Will you output all of the data below exactly, omitting the images?

- Data block -
********************

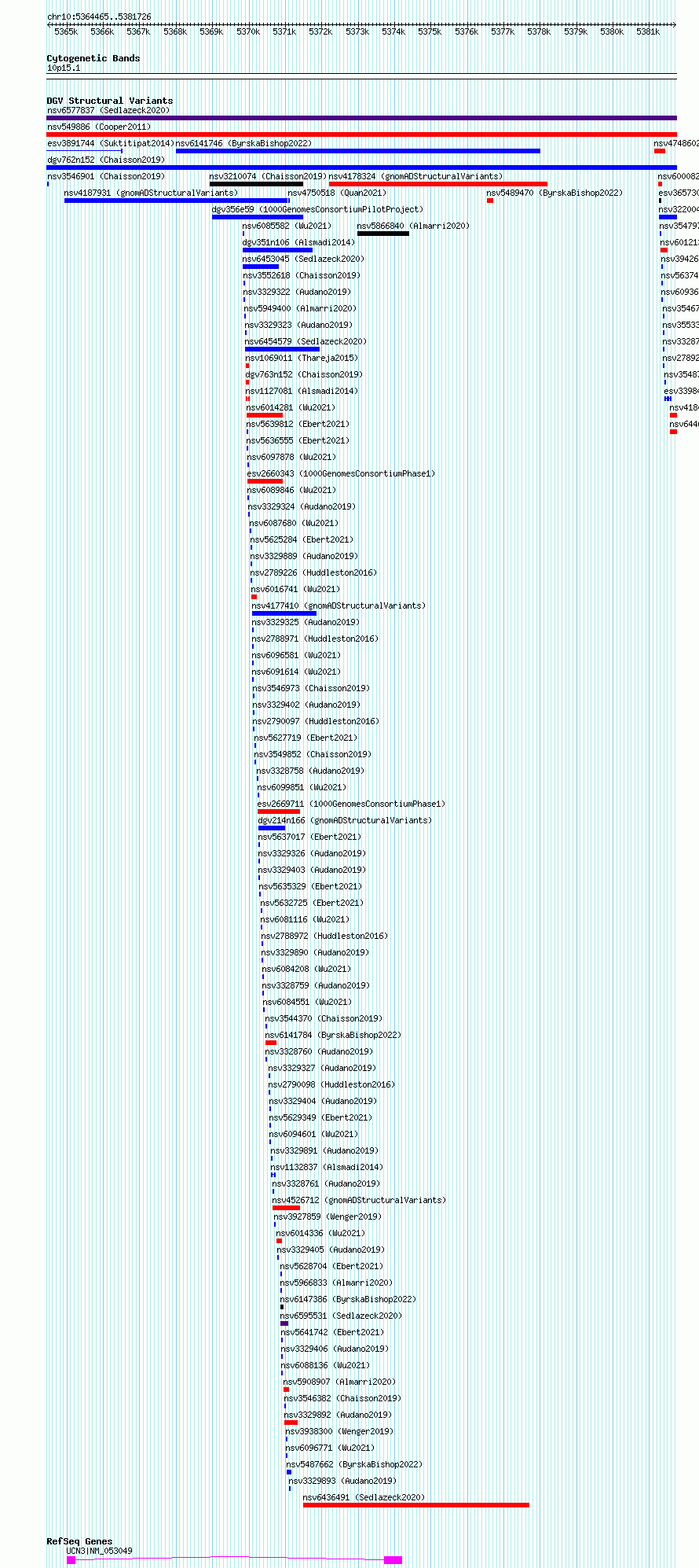 Variant DetailsVariant: nsv3247542| Internal ID | 22376747 | | Landmark | | | Location Information | | | Cytoband | 10p15.1 | | Allele length | | Assembly | Allele length | | hg38 | 1040 | | hg19 | 1040 |
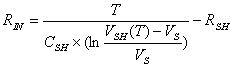 其中,RIN为输入模拟信号内阻,VS为输入模拟电压信号,RSH为模拟多路开关与采样开关的等效电阻,VSH为采样电容的充电电压,由等效电路可以看出,输入模拟信号内阻越大,则采样电容充电时间越长,因此,对于采样频率要求越高的场合,要求模拟输入信号内阻必须越小,在应用时必须首先估算在规定的采样频率下,对模拟输入信号内阻的要求。由电路理论可以求得RIN所允许的最大值(假设采样时间为T):
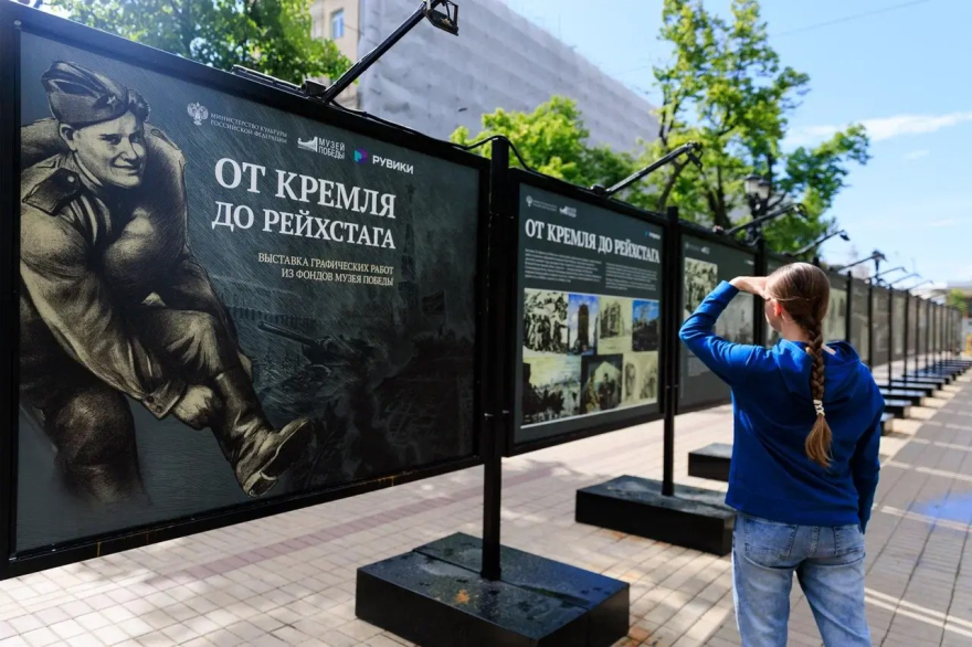 50 графических работ из фондов Музея Победы открылась 21 мая на Чистопрудном бульваре Москвы и продлится до 8 июня 2025 года. Экспозиция включает подборку художественных работ и плакатов из фондовой коллекции Музея Победы и через творчество художников раскрывает ключевые этапы ВОВ. Среди них — контрнаступление под Москвой, Сталинградская битва, блокада Ленинграда, Курская битва, битвы за Днепр и Берлин.

********************

- Task result -
 Variant DetailsVariant: nsv3247542| Internal ID | 22376747 | | Landmark | | | Location Information | | | Cytoband | 10p15.1 | | Allele length | | Assembly | Allele length | | hg38 | 1040 | | hg19 | 1040 |
 其中,RIN为输入模拟信号内阻,VS为输入模拟电压信号,RSH为模拟多路开关与采样开关的等效电阻,VSH为采样电容的充电电压,由等效电路可以看出,输入模拟信号内阻越大,则采样电容充电时间越长,因此,对于采样频率要求越高的场合,要求模拟输入信号内阻必须越小,在应用时必须首先估算在规定的采样频率下,对模拟输入信号内阻的要求。由电路理论可以求得RIN所允许的最大值(假设采样时间为T):
 50 графических работ из фондов Музея Победы открылась 21 мая на Чистопрудном бульваре Москвы и продлится до 8 июня 2025 года. Экспозиция включает подборку художественных работ и плакатов из фондовой коллекции Музея Победы и через творчество художников раскрывает ключевые этапы ВОВ. Среди них — контрнаступление под Москвой, Сталинградская битва, блокада Ленинграда, Курская битва, битвы за Днепр и Берлин.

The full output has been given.